Segment Start: Source material

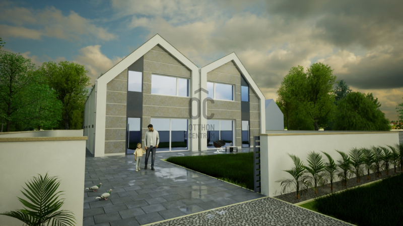 -Az épület hasznos alapterülete két szinten 128 m2, ami egy 413 m2-es telken helyezkedik el.
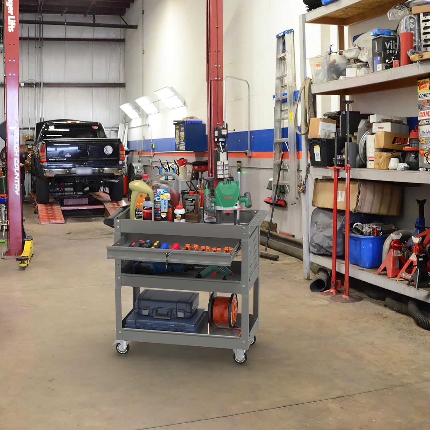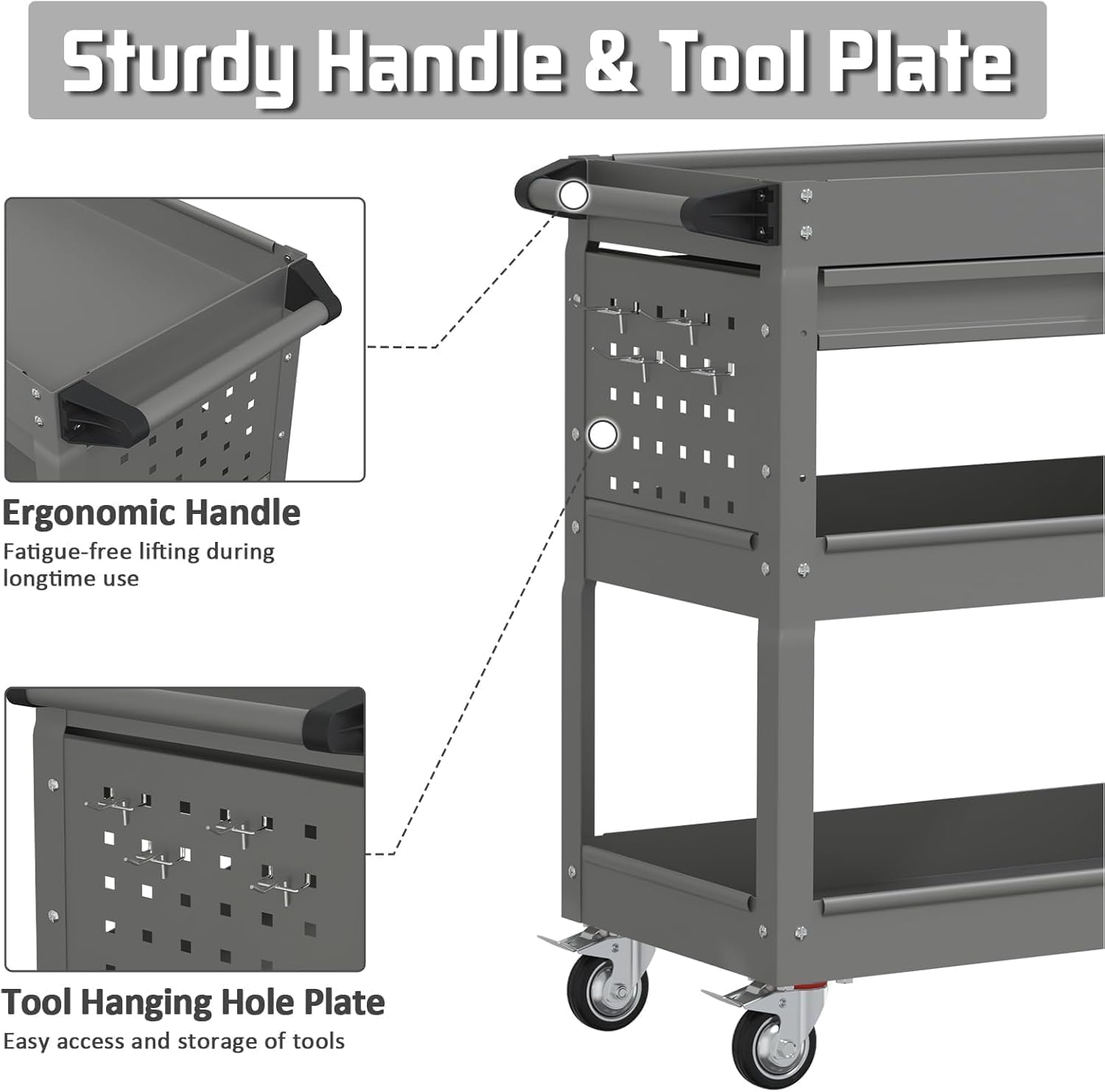 - 【Wide Range of Applications】This tool cart with wheels can help you easily store or transport tools, boxes, supplies, heavy items and more, very suitable for Auto Repair, Warehouse, Garage. You can also give it as a gift to your friends or family, which is also a great option.
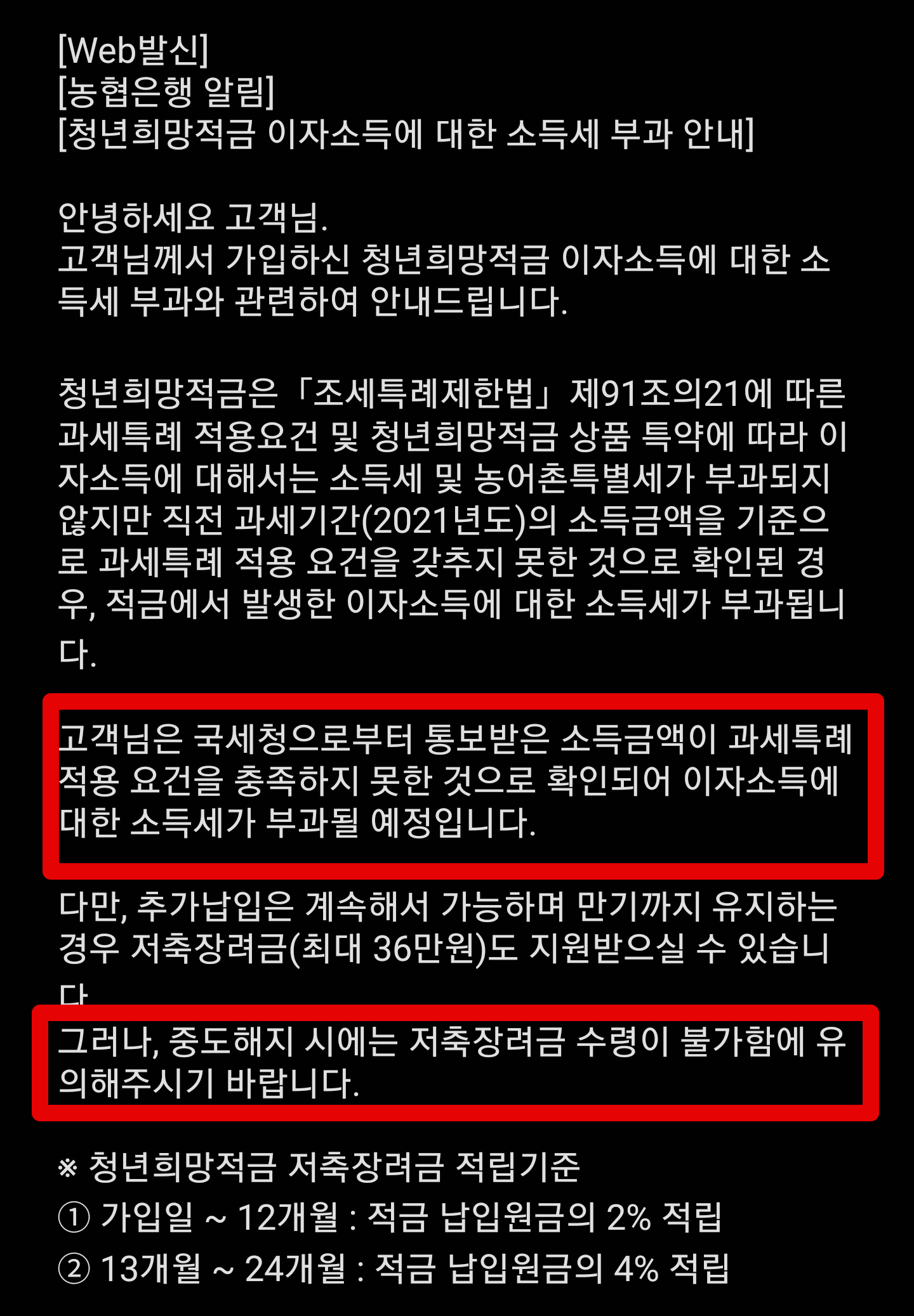 청년희망적금 이자소득에 대한 소득세 부과 득실 따져봤습니다
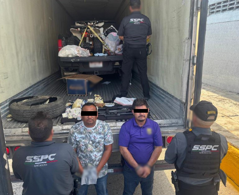 La dependencia destacó que en Coyuca de Benítez, Guerrero, en el libramiento a Acapulco, elementos de la Secretaría de Seguridad y Protección Ciudadana (SSPC) detuvieron a dos hombres a bordo de un tractocamión, quienes transportaban un vehículo y una cuatrimoto de procedencia extranjera, aseguraron cuatro armas largas, un arma corta, seis cargadores y dos mil 500 cartuchos. En Chilpancingo, cumplimentaron una orden de aprehensión contra un menor de edad por su relación en un homicidio.
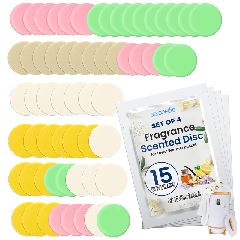 SereneLife 15 Fragrant Scented Discs - Eco-Friendly, Long-Lasting Air Fresheners for Home and Car - Fits Towel Warmer Bucket - Compostable - 4 PACK, 60 Discs
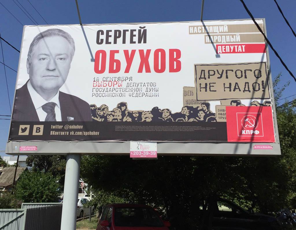 Однако агитация за КПРФ и Сергея Павловича не заканчивается только лишь раздачей листовок, работа идет по всем фронтам, в том числе и в интернете. А со вчерашнего дня улицы нашего Краснодара украсили агитационные баннеры, призывающие голосовать за нашу партию и нашего кандидата. Мы искренне убеждены, что только программа КПРФ поможет стране выйти из кризиса, а представлять краснодарцев в Государственной Думе должен народный депутат, действительно близкий к людям – Сергей Павлович Обухов, который своим примером доказал, что проблемы и заботы жителей Краснодара – это его проблемы и заботы!
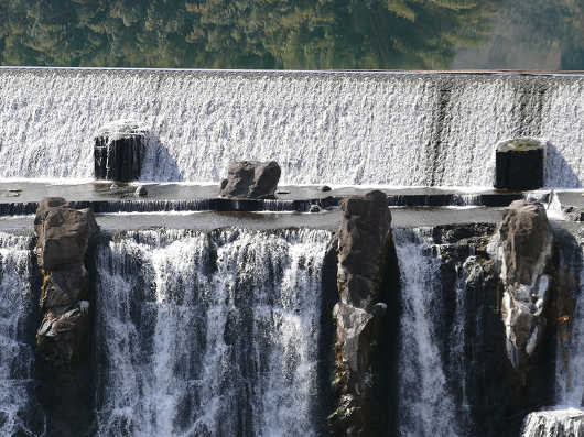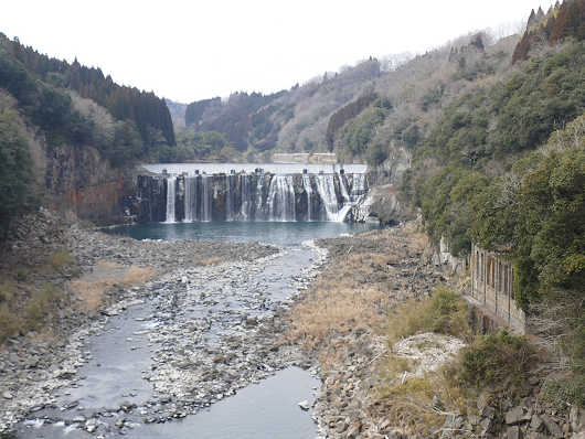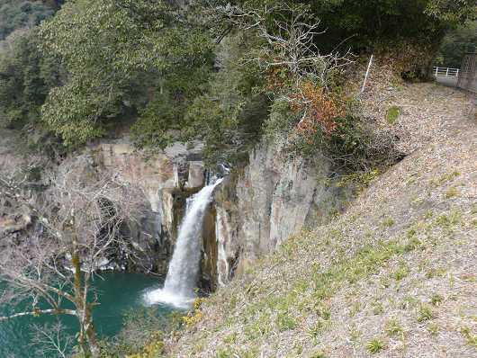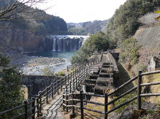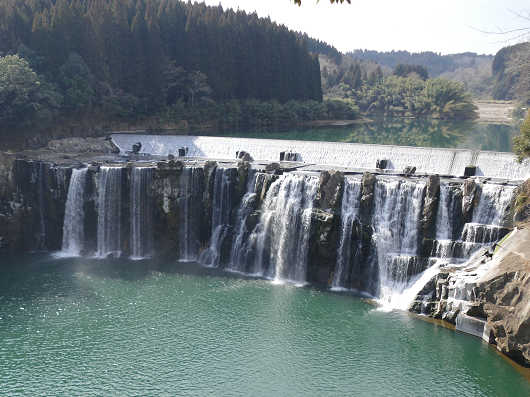 沈堕の滝は室町時代の水墨画家の雪舟が沈堕瀑布図として描いたほど見事な滝でしたが、明治時代に発電所の建設によって昔の滝の姿が無くなっていたものを昔の十三条の流れが現れるように人工的に修復しています。でも人工の滝とはいってもすぐ近くにある東洋のナイアガラといわれている 『原尻の滝』 にも負けない見事な滝ですね。
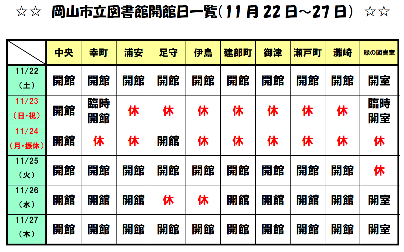 令和7年11月22日(土曜日)から27日(木曜日)の休館日
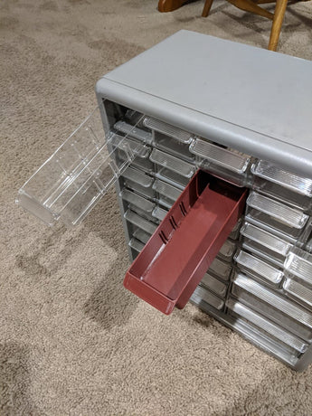 Denna kompakta låda är utformad för att effektivt organisera dina smådelar, vilket gör den till ett oumbärligt tillskott till alla arbetsytor. Oavsett om du behöver förvara skruvar, muttrar, elektroniska komponenter eller andra små föremål, erbjuder denna låda en praktisk lösning för att hålla saker organiserade. Med sin smarta design kan du enkelt integrera den i befintliga förvaringssystem, så att du alltid har dina viktigaste delar nära till hands. Den hjälper till att minimera röran och säkerställer att din arbetsyta förblir prydlig och funktionell.
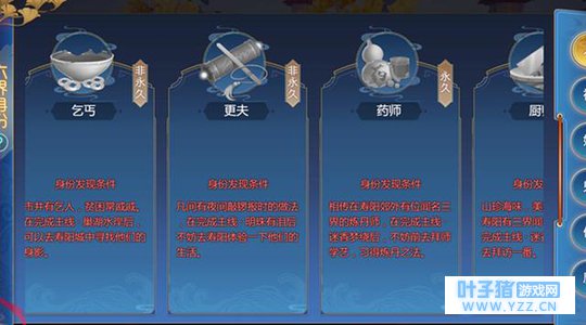 2、身份玩法 各位少侠想要扮演相应的身份,首先就需要发现身份。不同的身份发现的条件也是不同的。如乞丐身份发现的条件,就是各位少侠在完成主线任务“巢湖水岸”之后,去寿阳城中寻找他们的身影。而像更夫身份则是需要各位少侠首先完成主线任务“明珠有泪”,随后再去寿阳城体验他们的生活。其他的身份发现同样都有各自的条件。
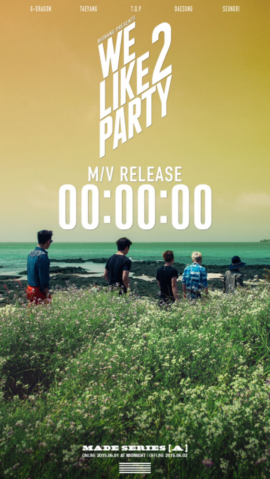 YG는 그 동안 'WE LIKE 2 PARTY' 티저 포스터를 공개하며 강렬한 느낌의 'BANG BANG BANG' 과는 대비되는 청량한 블루 이미지를 선보였다. 이에 'WE LIKE 2 PARTY' 뮤직비디오는 또 어떤 새로운 분위기로 빅뱅만의 매력을 보여줄 지 기대를 모으고 있다.
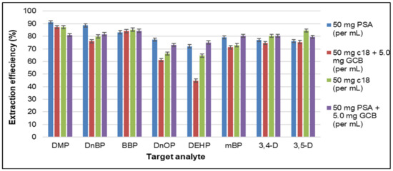 The optimization of the QuEChERS cleanup was achieved by calculating the extraction efficiency, as described in Section 2.6.3, using different types and amounts of sorbents, namely PSA, GCB, and C18, or sorbent combinations. Comparison of the extraction efficiency of the applied QuEChERS cleanup protocols is illustrated in Figure 2. The addition of salt, and especially MgSO4, ensures the absorption of H2O residues that might hydrolyze the esters [36], which might increase extraction efficiency via an increase in the ionic strength of the solutions [43]. Moreover, a procedural blank was performed to assess the cross-contamination from glassware, where no amounts of phthalates nor dichloroanilines were identified.
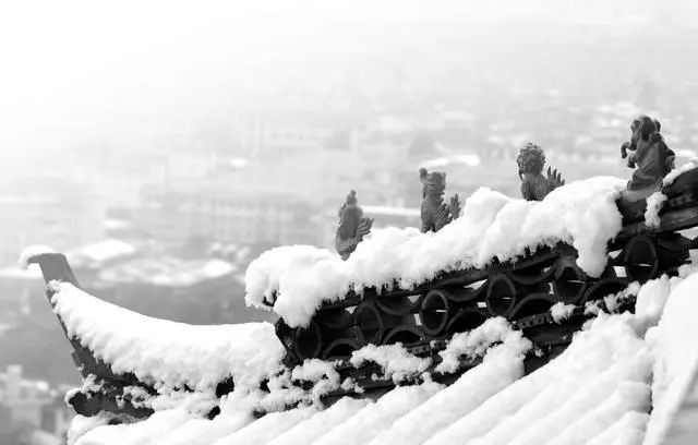 秋日的红叶还未散尽,冬日的白雪已洒满了屋顶。

Segment End: Source material

### What you have to do
Drop every image, please, and write out the data above exactly as shown.

### Expected answer
 -Az épület hasznos alapterülete két szinten 128 m2, ami egy 413 m2-es telken helyezkedik el.
 - 【Wide Range of Applications】This tool cart with wheels can help you easily store or transport tools, boxes, supplies, heavy items and more, very suitable for Auto Repair, Warehouse, Garage. You can also give it as a gift to your friends or family, which is also a great option.
 청년희망적금 이자소득에 대한 소득세 부과 득실 따져봤습니다
 La dependencia destacó que en Coyuca de Benítez, Guerrero, en el libramiento a Acapulco, elementos de la Secretaría de Seguridad y Protección Ciudadana (SSPC) detuvieron a dos hombres a bordo de un tractocamión, quienes transportaban un vehículo y una cuatrimoto de procedencia extranjera, aseguraron cuatro armas largas, un arma corta, seis cargadores y dos mil 500 cartuchos. En Chilpancingo, cumplimentaron una orden de aprehensión contra un menor de edad por su relación en un homicidio.
 SereneLife 15 Fragrant Scented Discs - Eco-Friendly, Long-Lasting Air Fresheners for Home and Car - Fits Towel Warmer Bucket - Compostable - 4 PACK, 60 Discs
 Однако агитация за КПРФ и Сергея Павловича не заканчивается только лишь раздачей листовок, работа идет по всем фронтам, в том числе и в интернете. А со вчерашнего дня улицы нашего Краснодара украсили агитационные баннеры, призывающие голосовать за нашу партию и нашего кандидата. Мы искренне убеждены, что только программа КПРФ поможет стране выйти из кризиса, а представлять краснодарцев в Государственной Думе должен народный депутат, действительно близкий к людям – Сергей Павлович Обухов, который своим примером доказал, что проблемы и заботы жителей Краснодара – это его проблемы и заботы!
 沈堕の滝は室町時代の水墨画家の雪舟が沈堕瀑布図として描いたほど見事な滝でしたが、明治時代に発電所の建設によって昔の滝の姿が無くなっていたものを昔の十三条の流れが現れるように人工的に修復しています。でも人工の滝とはいってもすぐ近くにある東洋のナイアガラといわれている 『原尻の滝』 にも負けない見事な滝ですね。
 令和7年11月22日(土曜日)から27日(木曜日)の休館日
 Denna kompakta låda är utformad för att effektivt organisera dina smådelar, vilket gör den till ett oumbärligt tillskott till alla arbetsytor. Oavsett om du behöver förvara skruvar, muttrar, elektroniska komponenter eller andra små föremål, erbjuder denna låda en praktisk lösning för att hålla saker organiserade. Med sin smarta design kan du enkelt integrera den i befintliga förvaringssystem, så att du alltid har dina viktigaste delar nära till hands. Den hjälper till att minimera röran och säkerställer att din arbetsyta förblir prydlig och funktionell.
 2、身份玩法 各位少侠想要扮演相应的身份,首先就需要发现身份。不同的身份发现的条件也是不同的。如乞丐身份发现的条件,就是各位少侠在完成主线任务“巢湖水岸”之后,去寿阳城中寻找他们的身影。而像更夫身份则是需要各位少侠首先完成主线任务“明珠有泪”,随后再去寿阳城体验他们的生活。其他的身份发现同样都有各自的条件。
 YG는 그 동안 'WE LIKE 2 PARTY' 티저 포스터를 공개하며 강렬한 느낌의 'BANG BANG BANG' 과는 대비되는 청량한 블루 이미지를 선보였다. 이에 'WE LIKE 2 PARTY' 뮤직비디오는 또 어떤 새로운 분위기로 빅뱅만의 매력을 보여줄 지 기대를 모으고 있다.
 The optimization of the QuEChERS cleanup was achieved by calculating the extraction efficiency, as described in Section 2.6.3, using different types and amounts of sorbents, namely PSA, GCB, and C18, or sorbent combinations. Comparison of the extraction efficiency of the applied QuEChERS cleanup protocols is illustrated in Figure 2. The addition of salt, and especially MgSO4, ensures the absorption of H2O residues that might hydrolyze the esters [36], which might increase extraction efficiency via an increase in the ionic strength of the solutions [43]. Moreover, a procedural blank was performed to assess the cross-contamination from glassware, where no amounts of phthalates nor dichloroanilines were identified.
 秋日的红叶还未散尽,冬日的白雪已洒满了屋顶。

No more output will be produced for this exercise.